Brief →
Data follows below. Repeat exactly the lines between the line holding "1980 Légrády Sándor" and the line holding "檢查人員通過依法調(diào", inclusive, and nothing more; drop pictures.
****************
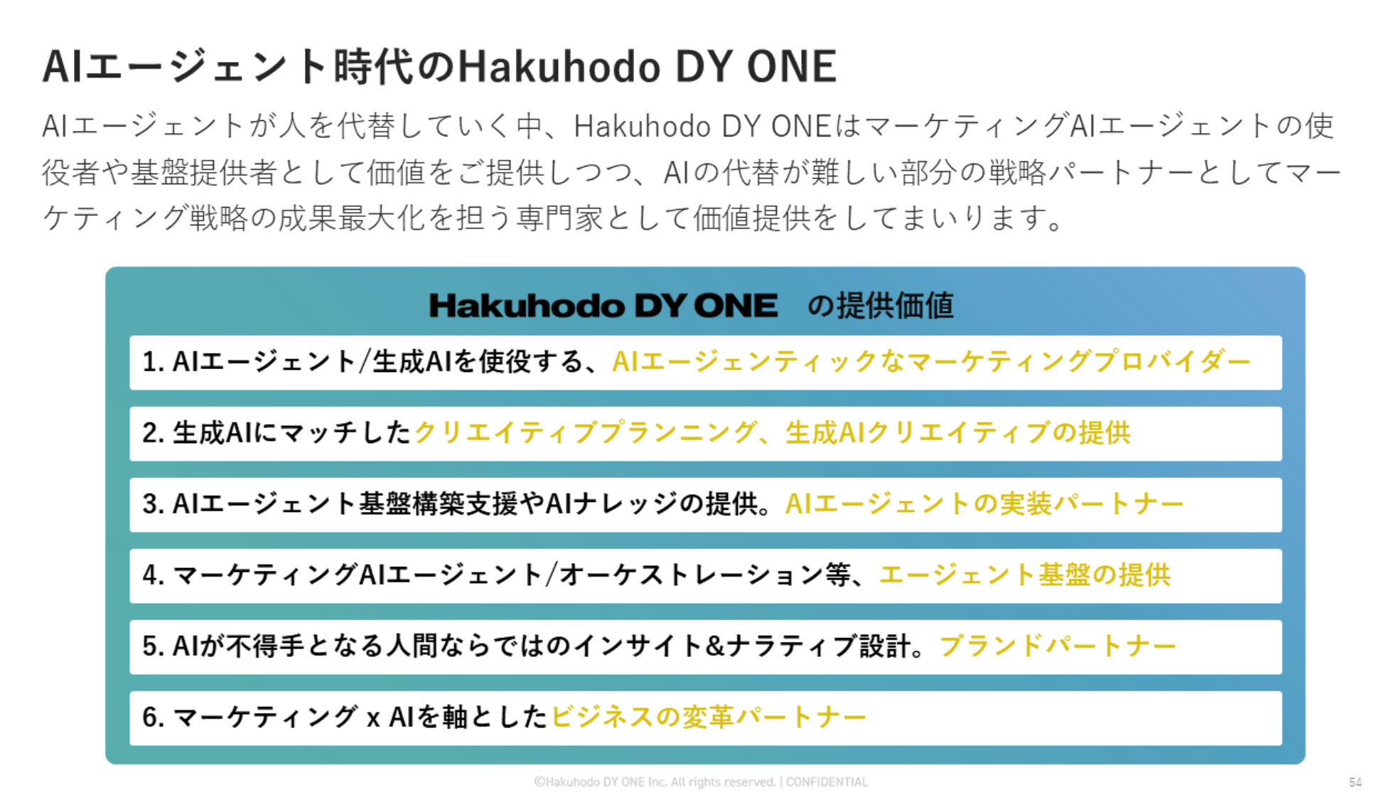 柴山:「ONE-AIGENT」は、博報堂DYグループのデジタル広告を支えるHakuhodo DY ONEが、AI時代のデジタル広告領域において、どう新たな価値を創るのかのメッセージを全て詰め込んだものです。デジタル広告の世界は、テクニカルな部分がフィーチャーされてきましたが、そういった部分はAIが担うからこそ、今後は「マーケティングとは何か、ブランドとは何か」という根源的な問いに立ち返ることになると思いますし、ブランドの一貫性やナラティブ設計といった人間ならではのクリエイティビティの重要性が問われてきます。
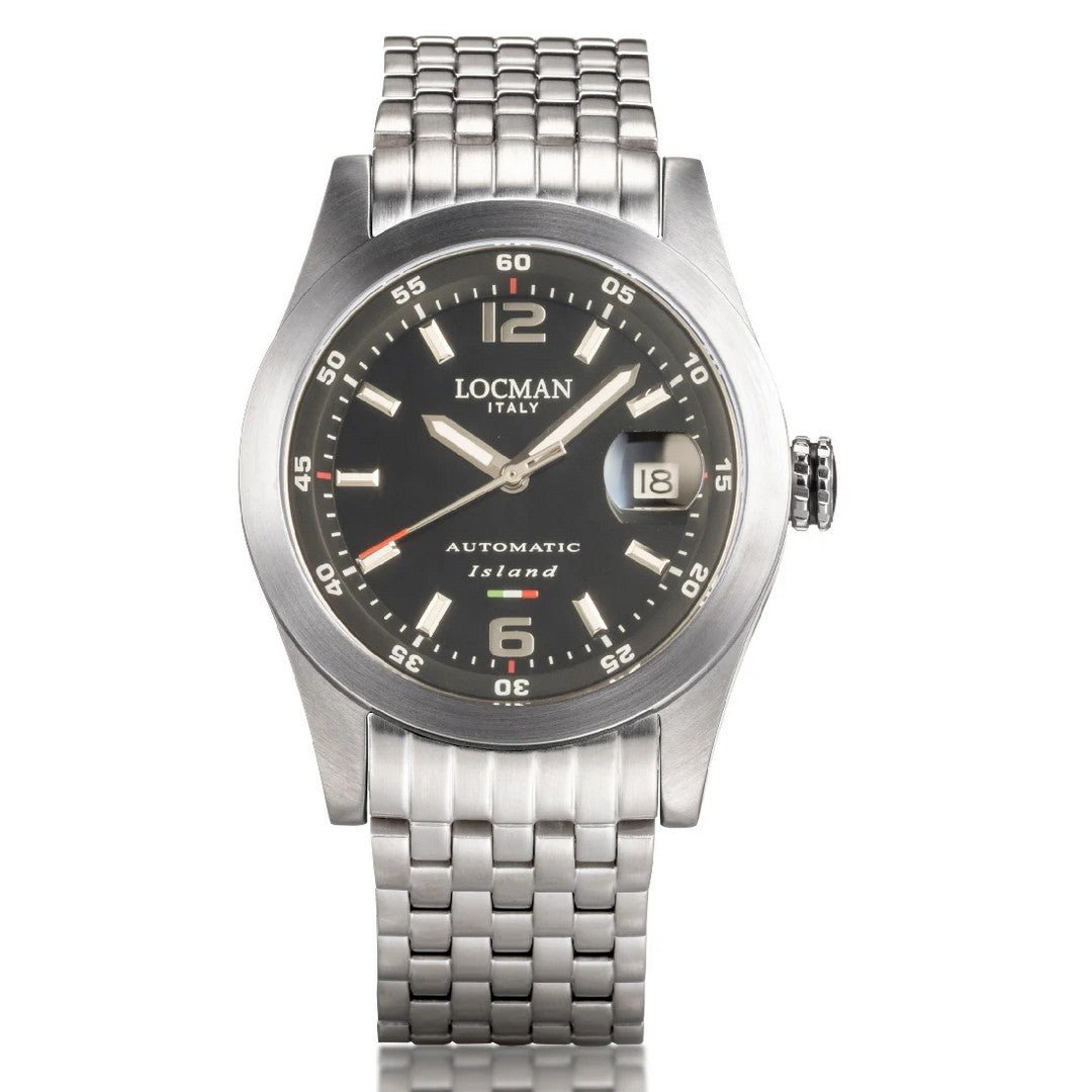 Orologio automatico Locman da uomo della linea Island con quadrante nero a due livelli e secondiera, cassa in acciaio da 40mm finitura lucida e satinata e morbido bracciale in acciaio, vetro zaffiro, fondello in titanio, impermeabile 5 bar. movimento solo tempo con datario. cod 0615A01A-00BKNKB0
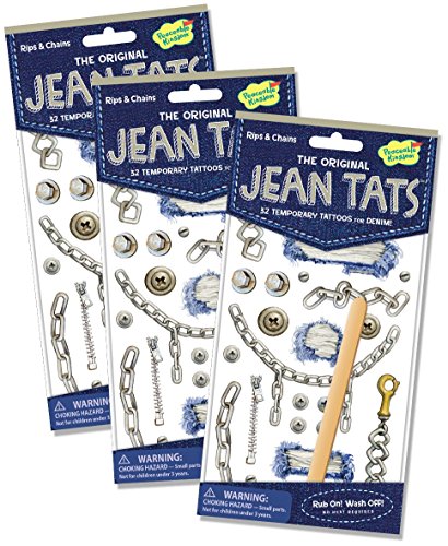 Studio : Peaceable Kingdom Publisher : Peaceable Kingdom Binding : Toy Product Description Kids love temporary tattoos because its always fun to show your colors - whether you like to wear a dinosaur on your cheek or a kitty on your hand, everyone can see what you love. Now Peaceable Kingdom has come up with a totally new, totally fun and totally easy way to show your colors on your clothing with Jean Tats - temporary tattoos for fabric! Jean Tats feature super fun graphics that require no heat to apply and that wash off during the next load of laundry - the easiest way to customize your look again and again! The tattoos work on most fabrics - simply cut out the tattoo, remove the backing paper, rub evenly onto your chosen clothing with the included wooden stick and carefully lift away the overlay. Now you're sporting your own unique look! A perfect party or sleepover activity - just what you expect from Peaceable Kingdom. Since 1983 play has been the heart and soul of Peaceable Kingdom. Silly play, special play, wholehearted play! We create experiences to help kids play well together, so they can play well in the world. Our games and gifts connect kids and families, encourage learning and self-expression and let imaginations soar. When play comes from the heart and feeds the soul, that's Peaceable Kingdom! 0
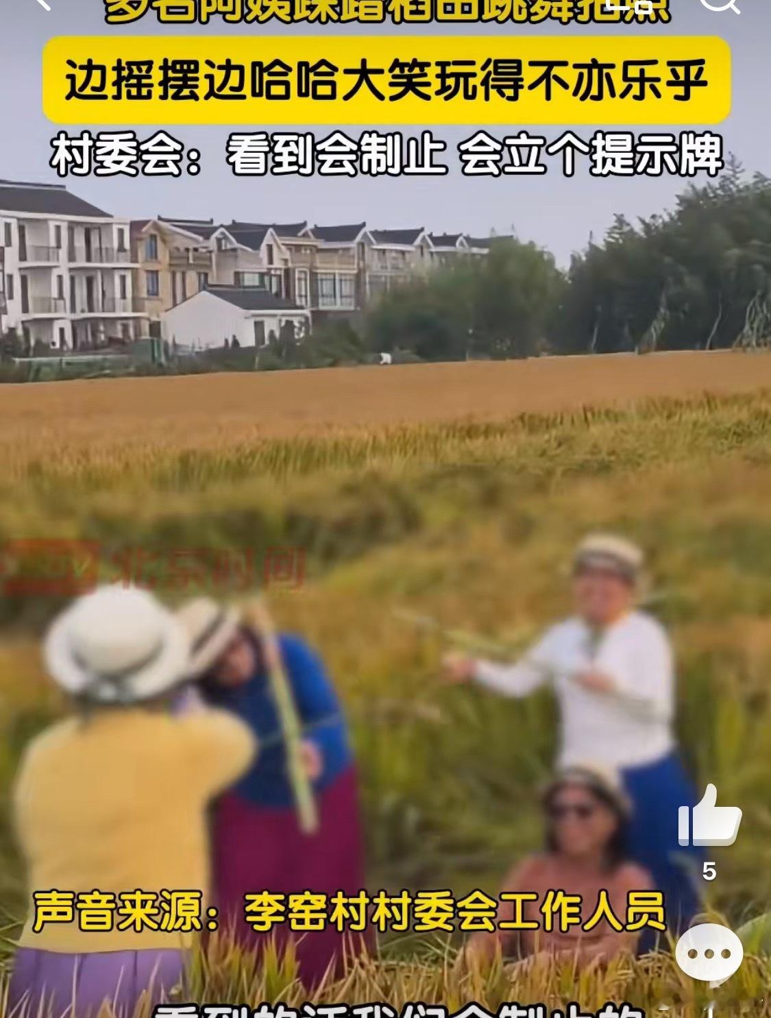 这几位阿姨一看就是生活得非常好的城市人,只顾自己开心,不懂农民们种地的辛苦,为了跳舞拍照就踩踏稻田,农民看了真的很心痛💔希望这些稻田能得到赔偿
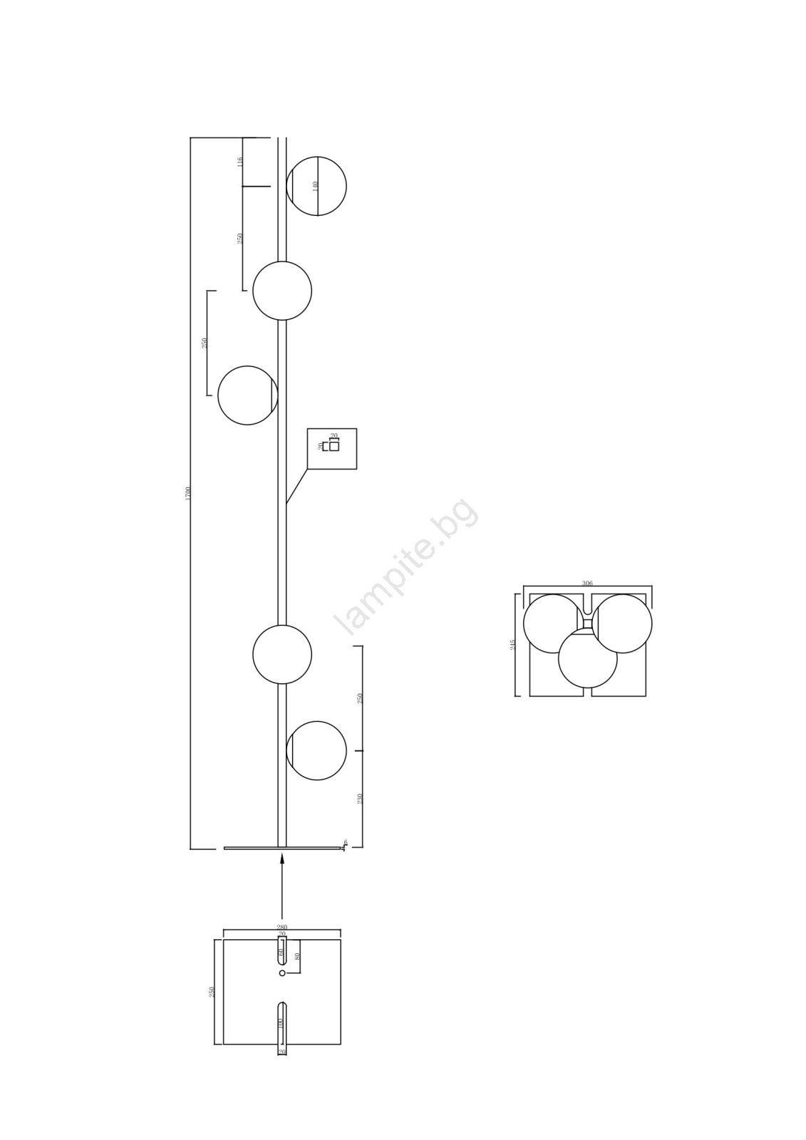 • Ondaluce - Подова лампа MONILE 5xE14/10W/230V димно-черна
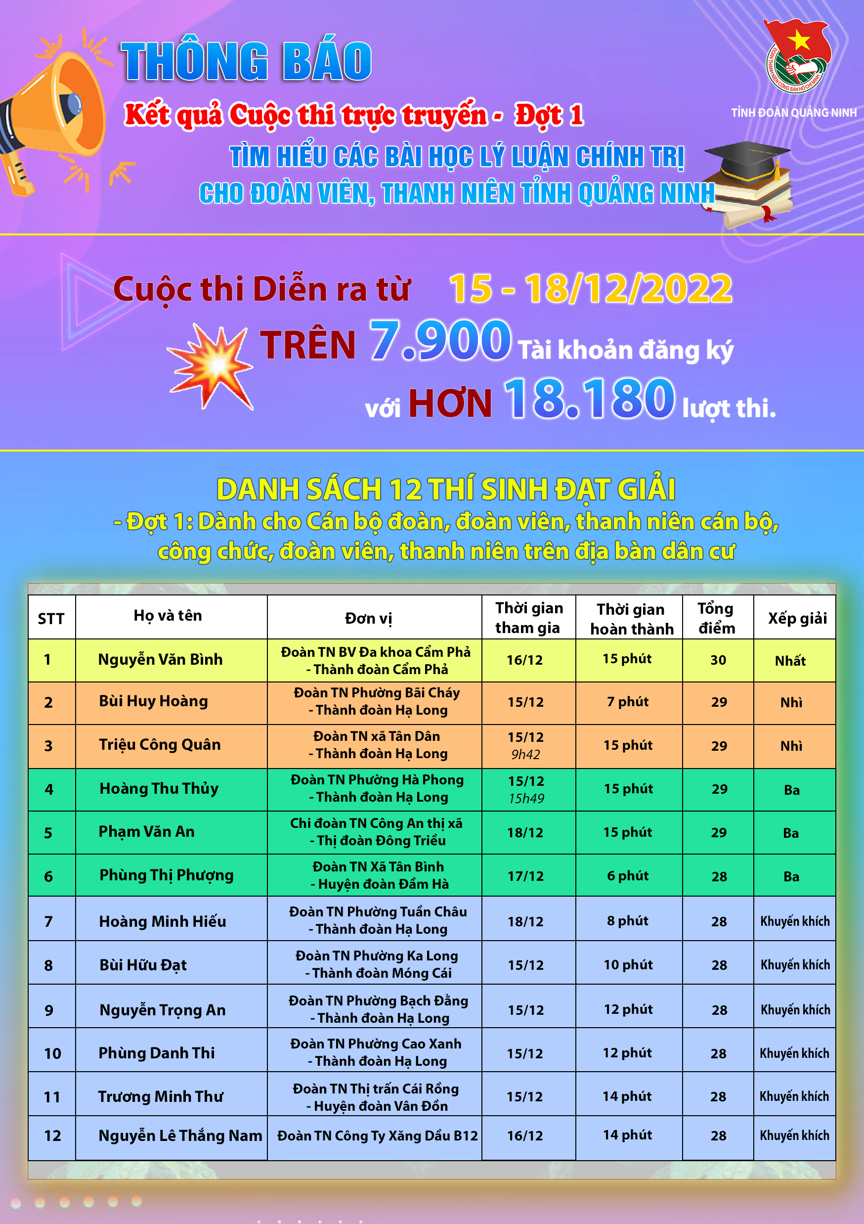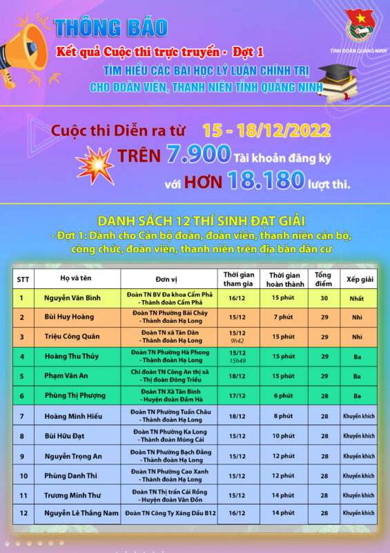 Xin chúc mừng 12 thí sinh là đoàn viên, thanh niên cán bộ công chức, thanh niên trên địa bàn dân cư trong tỉnh đã có phần thi xuất sắc đạt điểm cao trong kì thi lần này. Thông tin các thi sinh đạt giải xin mời các bạn xem chi tiết dưới đây.
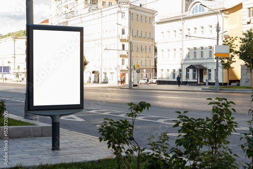 Vertical billboard near the road in the city. Sun illuminates the buildings very brightly. Mock-up.
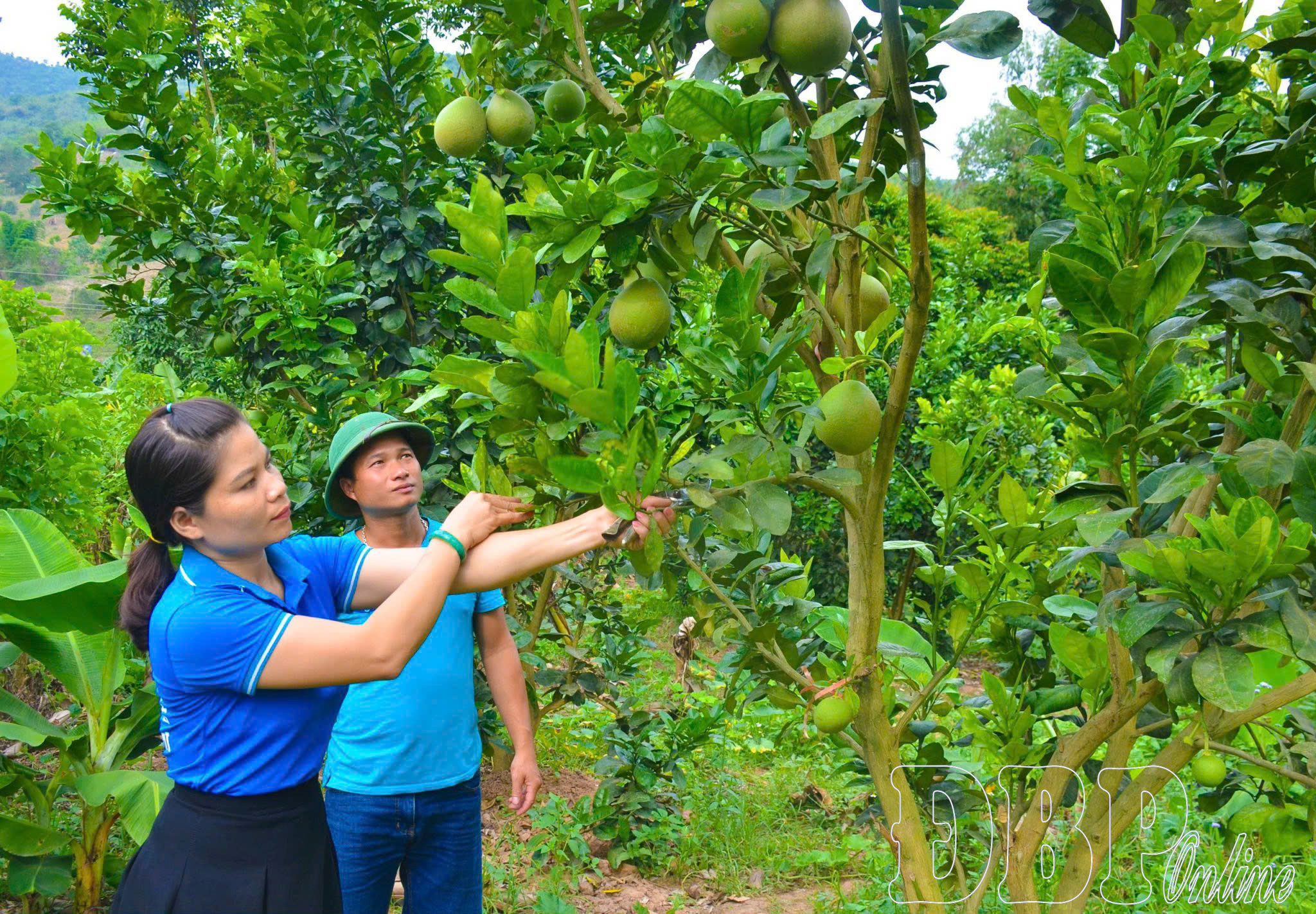 Người dân bản Mường Mươn 1, xã Mường Pồn kiểm tra, chăm sóc mô hình trồng bưởi. Ảnh: Phạm Quang
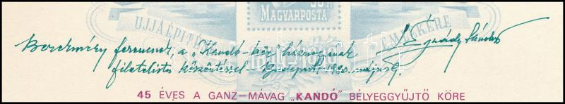1980 Légrády Sándor grafikusművész pályafutásának 50 éves évfordulójára kiadott, a Lánchíd III. blokkot ábrázoló emléklap, bélyegkiállítási alkalmi bélyegzéssel, Légrády üdvözlő szöveggel és aláírással
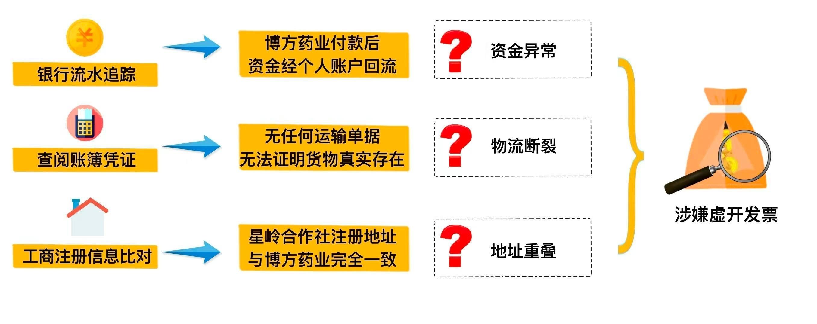 檢查人員通過依法調(diào)取的銀行流水查明,博方藥業(yè)向星嶺合作社支付款項(xiàng)累計(jì)359.66萬元,這些資金先轉(zhuǎn)入該合作社法定代表人的個(gè)人賬戶,經(jīng)多個(gè)個(gè)人賬戶中轉(zhuǎn)后,最終回流至博方藥業(yè)法定代表人賬戶。而博方藥業(yè)僅向旺禾合作社支付5200元,卻取得了近千萬元的農(nóng)產(chǎn)品銷售發(fā)票。
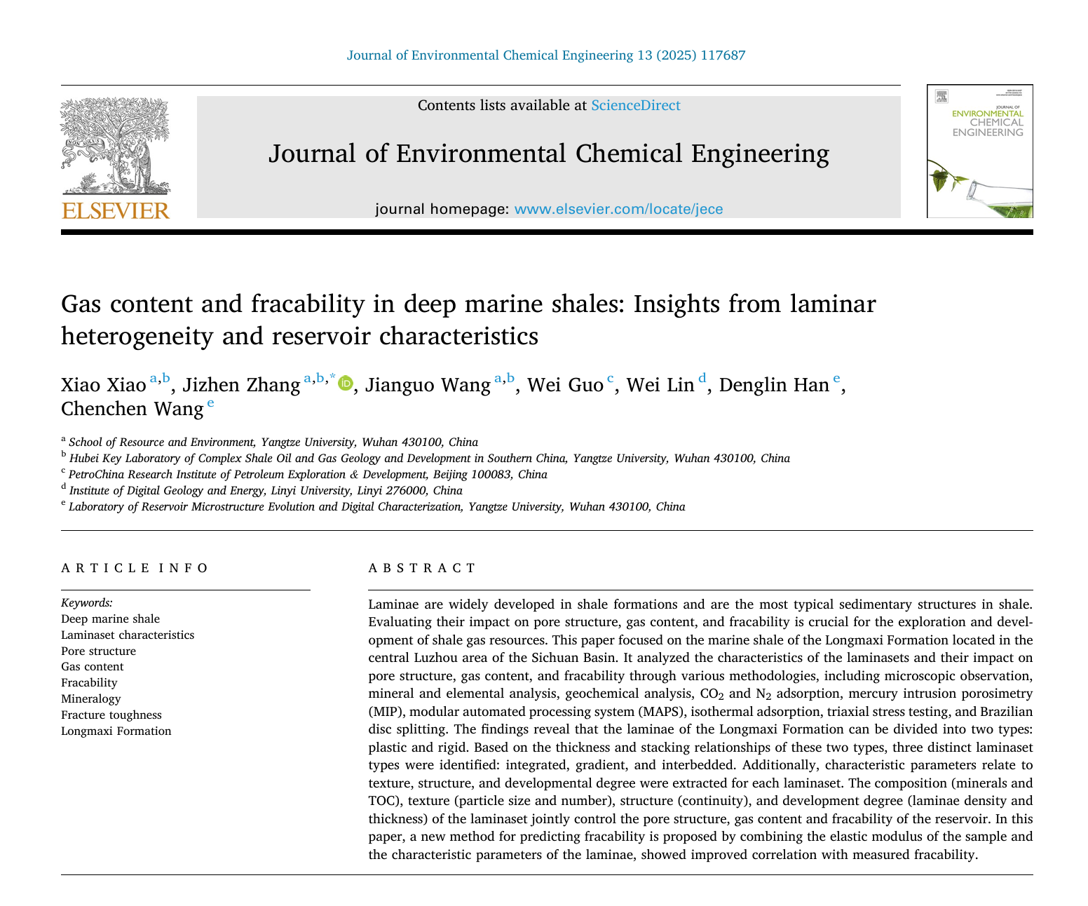 (通讯员 张吉振)在全球能源转型背景下,页岩气作为清洁能源的重要补充,其高效开发成为国际能源领域的核心议题。然而,深海页岩的复杂储层特征(如差异纹层层理异质性)对含气性和可压裂性的影响机制尚未完全明晰。针对这一科学难题,tyc122ccVIP在读硕士研究生肖肖在导师张吉振副教授指导下,在国际权威期刊《Journal of Environmental Chemical Engineering》(JCR 1区,IF=7.2)发表题为"Gas content and fracability in deep marine shales: Insights from laminar heterogeneity and reservoir characteristics"的研究论文,首次系统揭示了多类型复杂纹层层理结构对页岩储层性能的差异性控制规律,为深层页岩气勘探开发提供了科学理论支撑。tyc122ccVIP为第一完成单位。
****************
The completed task →
1980 Légrády Sándor grafikusművész pályafutásának 50 éves évfordulójára kiadott, a Lánchíd III. blokkot ábrázoló emléklap, bélyegkiállítási alkalmi bélyegzéssel, Légrády üdvözlő szöveggel és aláírással
 檢查人員通過依法調(diào)取的銀行流水查明,博方藥業(yè)向星嶺合作社支付款項(xiàng)累計(jì)359.66萬元,這些資金先轉(zhuǎn)入該合作社法定代表人的個(gè)人賬戶,經(jīng)多個(gè)個(gè)人賬戶中轉(zhuǎn)后,最終回流至博方藥業(yè)法定代表人賬戶。而博方藥業(yè)僅向旺禾合作社支付5200元,卻取得了近千萬元的農(nóng)產(chǎn)品銷售發(fā)票。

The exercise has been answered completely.